The serial killer who has tormented the outwardly bucolic Canadian village of Saint-Ferdinand has been captured at last.
He is a gentle, mad old man who has been storing the victims’ bodies in old refrigerators and their eyes…elsewhere. More horrifying? He has been protecting the village from something even worse than himself.
Enter young Venus, a village outsider and daughter of hippies (to her mortification), who inadvertently captures and imprisons a god in her backyard garden shed.
The god is not a nice god. It brings to mind Lovecraftian comparisons: its medium of artistic expression, for example, is gore. Many grisly events ensue.
A God in the Shed is hypnotic. You are lured into the narrative with snippets of village secrets, hints of arcane magic, and whispers of greedy, cabalistic societies.
Chapters shift between different characters’ perspectives, intensifying suspense and horror as pieces of the story fall together (in more figurative ways than one). Heroes become obsessed. Teens are trapped by the transgressions of their elders.
Complementing its flashes of darkly impish humor, the book raises deep questions about the nature of free will versus fate. The relationship between magic and science.
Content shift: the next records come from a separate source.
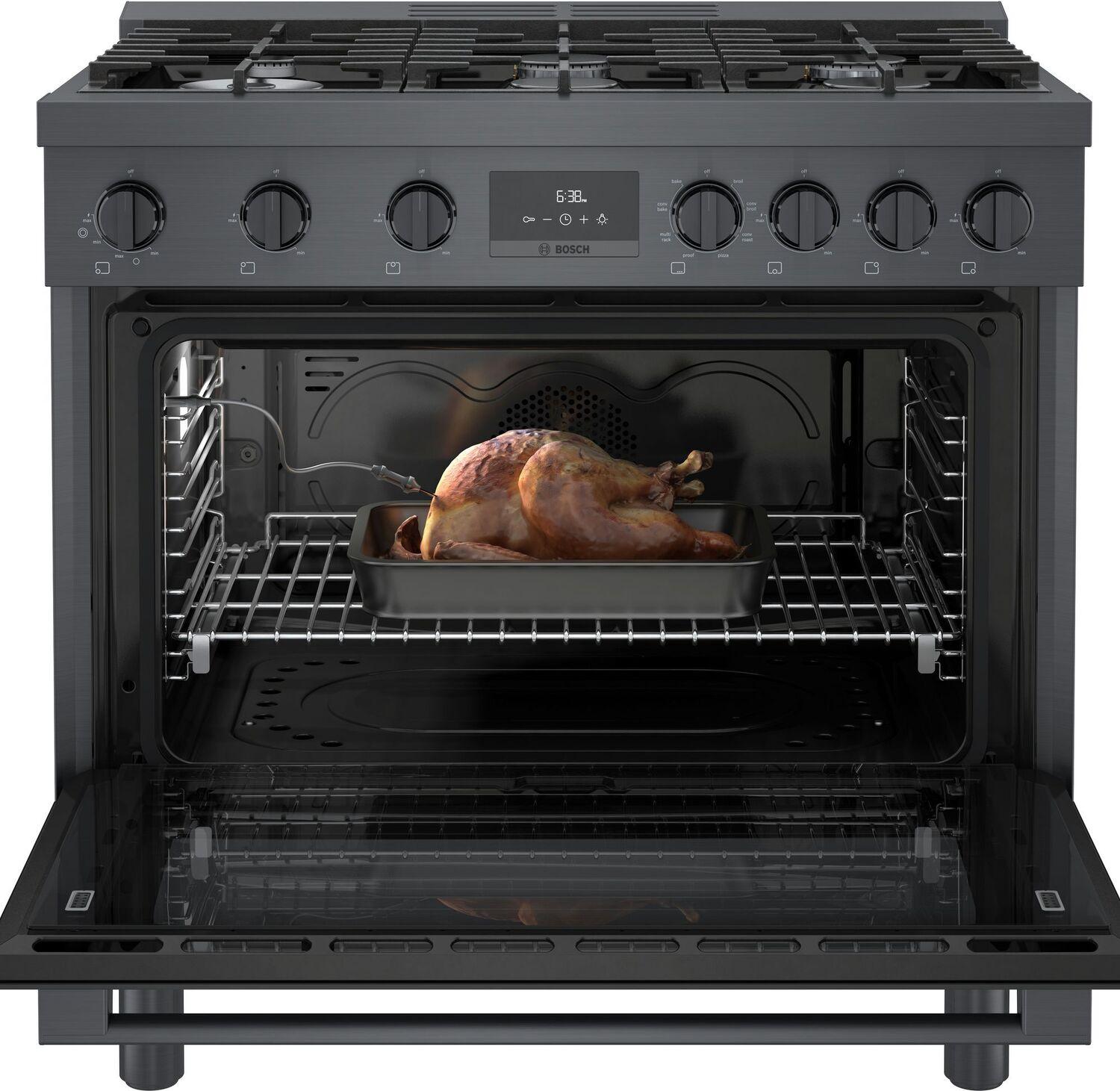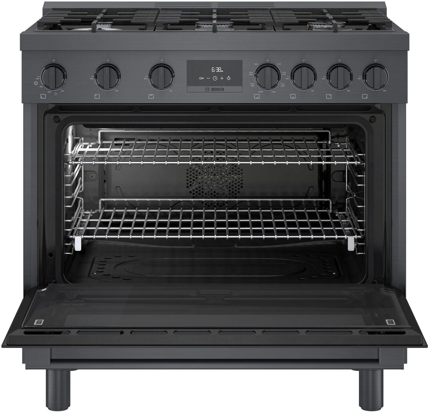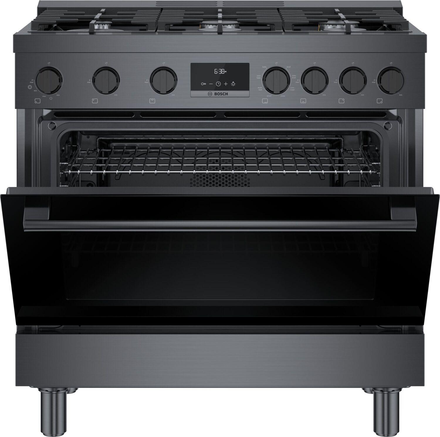 | Product Name | 800 Series, Dual fuel freestanding range, 36'', Black stainless steel |
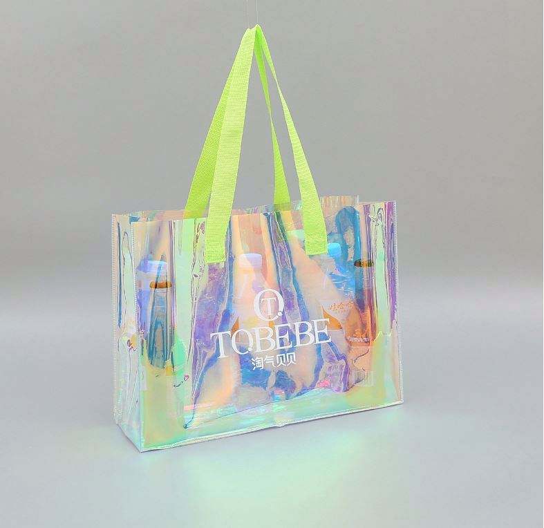 ถุงพีวีซีเลเซอร์พร้อมหูหิ้วถุงบรรจุและของขวัญใช้ซ้ำได้ในชีวิตประจำวัน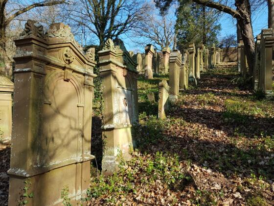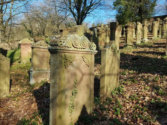 Die nächste Station ist auf dem gegenüberliegenden Hang der Jüdische Regionalfriedhof mit seiner ganz besonderen Atmosphäre. Zutritt und Führungen können über die Gemeindeverwaltung organisiert werden, aber schon die Infotafel gibt umfangreiche Einblicke.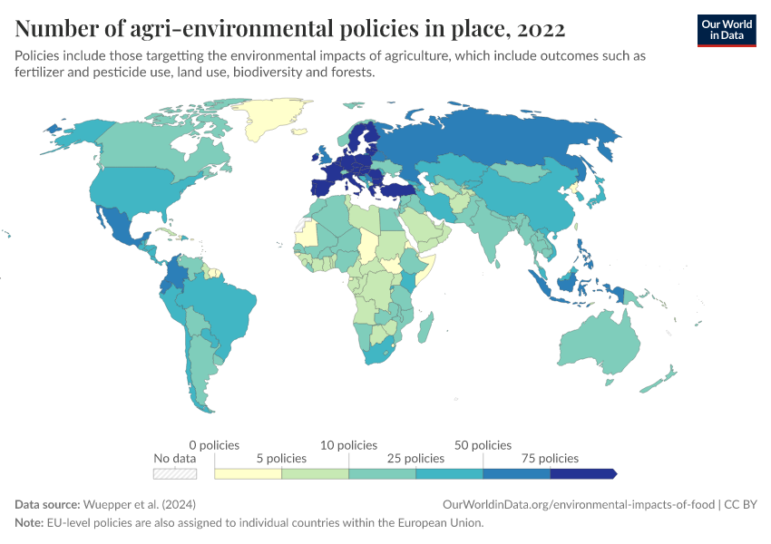 “Data Page: Number of agri-environmental policies in place”. Our World in Data (2026). Data adapted from Wuepper et al. (2024). Retrieved from https://owid-bot-svg-tester-thumbnai.owid.pages.dev/grapher/number-agri-environmental-policies [online resource]How to cite this data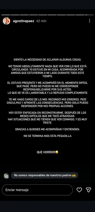 "No tengo absolutamente nada que ver con lo que está circulando. Yo estuve en mi casa acompañada por amigos que estuvieron a mi lado todo este tiempo. Él (su padre) estuvo presente y me acompañó en el momento difícil que pasé. No puedo ni me corresponde responsabilizarme por sus actos", expresó la joven de 29 años.
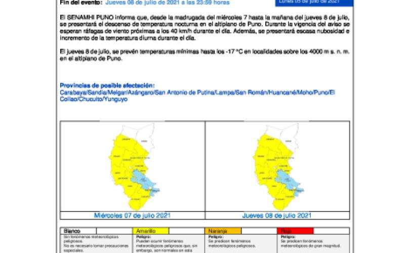 El SENAMHI PUNO informa que, desde la madrugada del miércoles 7 hasta la mañana del jueves 8 de julio, se presentará el descenso de temperatura nocturna en el altiplano de Puno. Durante la vigencia del aviso se esperan ráfagas de viento próximas a los 40 km/h durante el día. Además, se presentará escasa nubosidad e incremento de la temperatura diurna durante el día.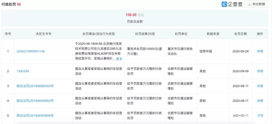 在監管約談背後,嘀嗒出行已經屢次被罰。企查查信息顯示,嘀嗒出行已經被行政處罰56次,僅在2020年年內,嘀嗒出行共計領到45張罰單,處罰單位涉及重慶、合肥、北京等地交管部門,被罰原因主要為“擅自從事或者變相從事網約車經營活動”。

Secrets of the afterlife and the nature of gods.
One word of caution: this is what I would call a “wet” book: it has a lot of sticky, bloody, imagery. Not to the extent of Nick Cutter’s Little Heaven, but it will leave us sensitive types with a few images we can’t unsee. Do not, however, let this deter you from the story. Fortify yourself and take the risk. A God in the Shed is a strange, compelling book. You won’t regret it.